═══ Supplied records

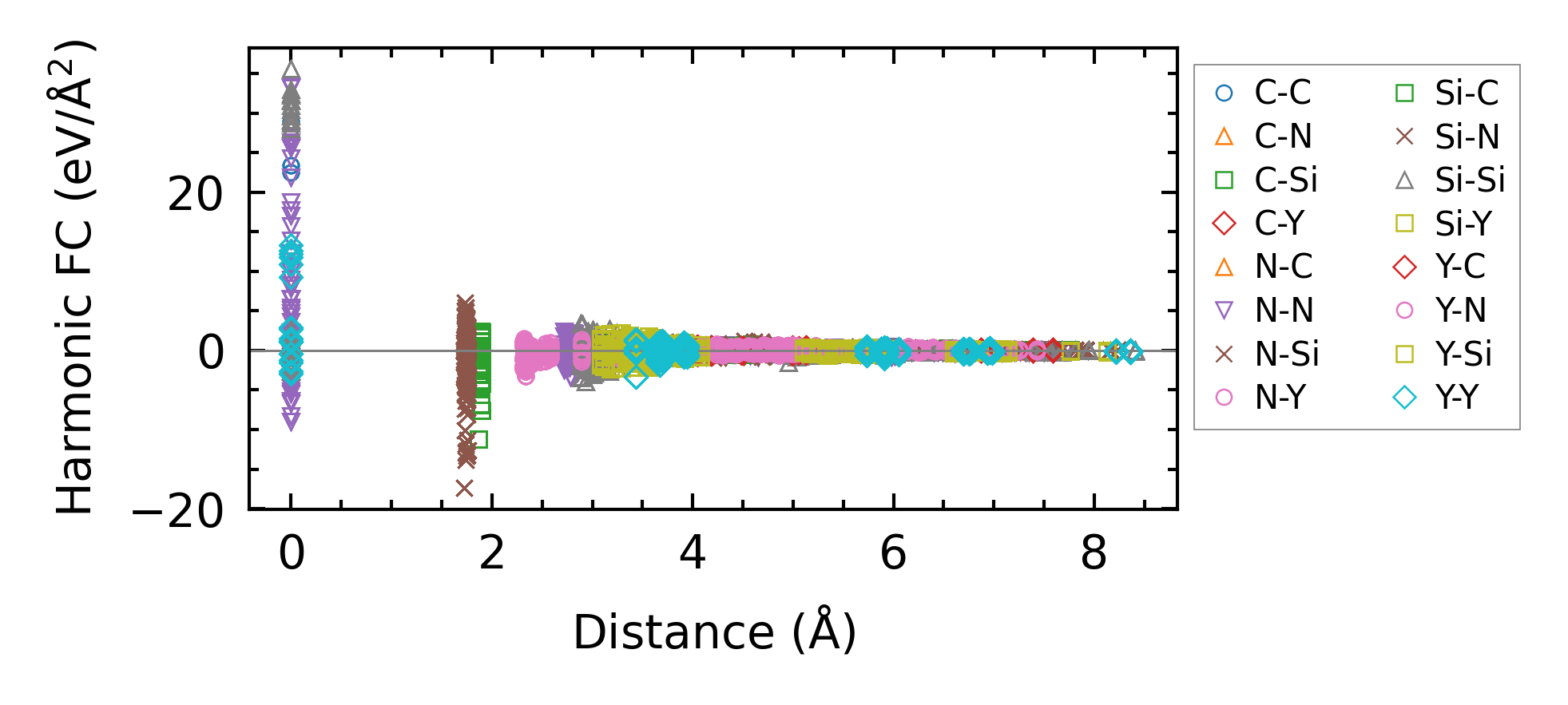 (a) Force constants w.r.t atomic distance
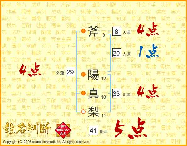 斧陽真梨さんの外運は29画の4点!
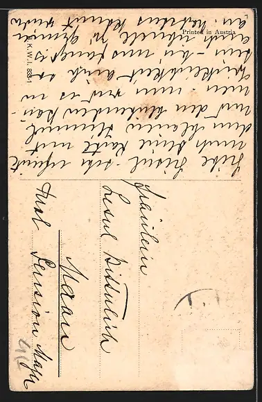 Personenbezogene Daten auf der Rückseite der Karte wurden durch blauen Textmarker unkenntlich gemacht. Die blauen Stellen sind auf die Vorderseite durchgeweicht und wirken sich negativ auf das Postkartenfoto aus
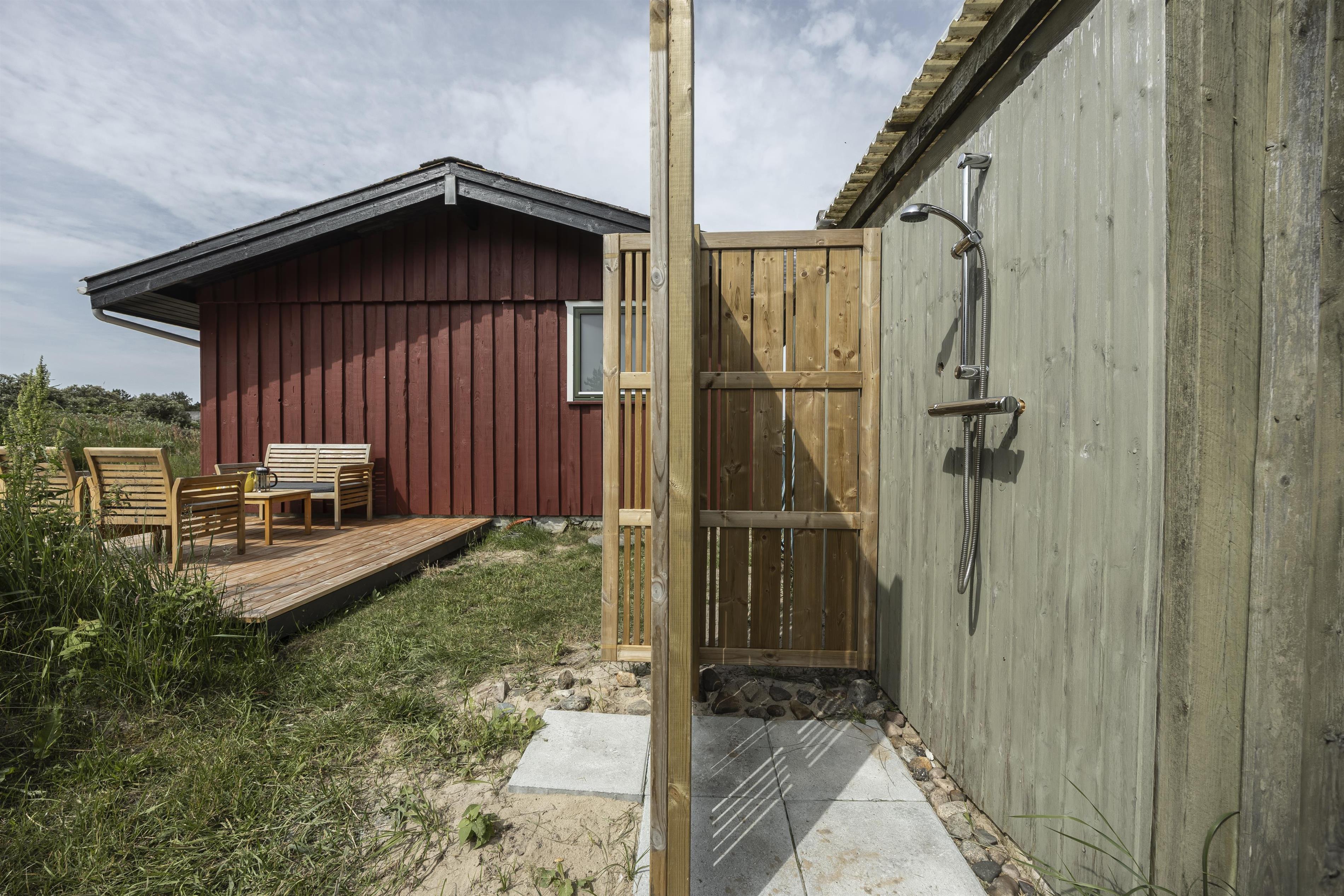 De nye terrasser, der snart står klar, vil byde på endnu flere muligheder for udendørs hygge og afslapning. Med både shelter og udebruser får I her et ekstra frirum til at nyde de naturskønne omgivelser og opleve sommerhuslivet helt tæt på naturen.
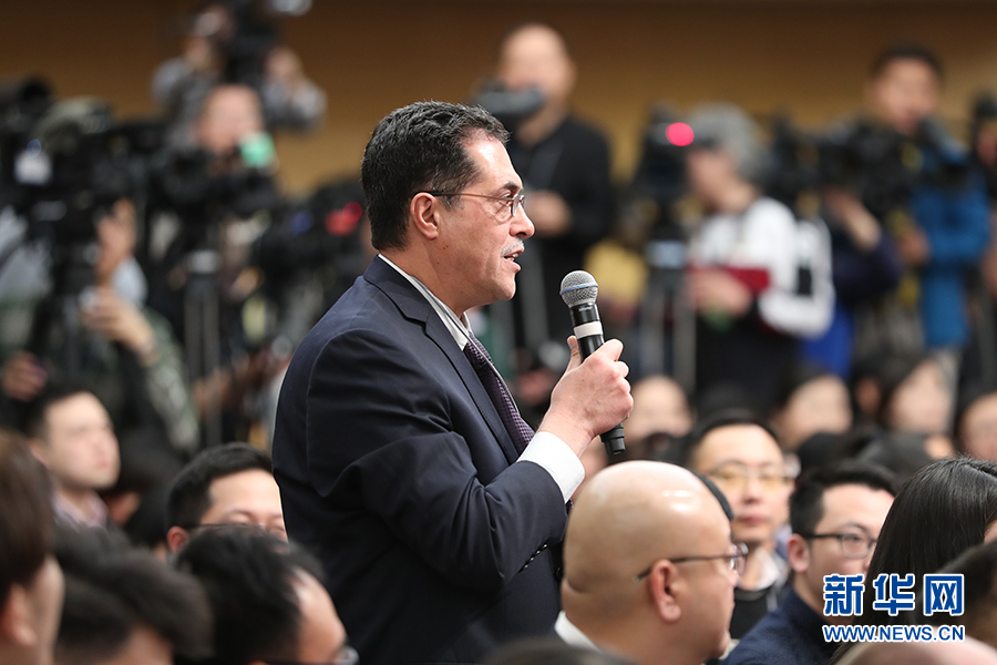 十二屆全國人大五次會議新聞中心于3月8日(星期三)10時在梅地亞中心多功能廳舉行記者會,邀請外交部部長王毅就“中國的外交政策和對外關(guān)系”的相關(guān)問題回答中外記者的提問。圖為半島電視臺記者提問。新華網(wǎng)/中國政府網(wǎng) 翟子赫 攝

══════

Assignment
Pictures are to be dropped, and the remaining data set down exactly.

Expected answer
 (a) Force constants w.r.t atomic distance
 斧陽真梨さんの外運は29画の4点!
 Personenbezogene Daten auf der Rückseite der Karte wurden durch blauen Textmarker unkenntlich gemacht. Die blauen Stellen sind auf die Vorderseite durchgeweicht und wirken sich negativ auf das Postkartenfoto aus
 De nye terrasser, der snart står klar, vil byde på endnu flere muligheder for udendørs hygge og afslapning. Med både shelter og udebruser får I her et ekstra frirum til at nyde de naturskønne omgivelser og opleve sommerhuslivet helt tæt på naturen.
 十二屆全國人大五次會議新聞中心于3月8日(星期三)10時在梅地亞中心多功能廳舉行記者會,邀請外交部部長王毅就“中國的外交政策和對外關(guān)系”的相關(guān)問題回答中外記者的提問。圖為半島電視臺記者提問。新華網(wǎng)/中國政府網(wǎng) 翟子赫 攝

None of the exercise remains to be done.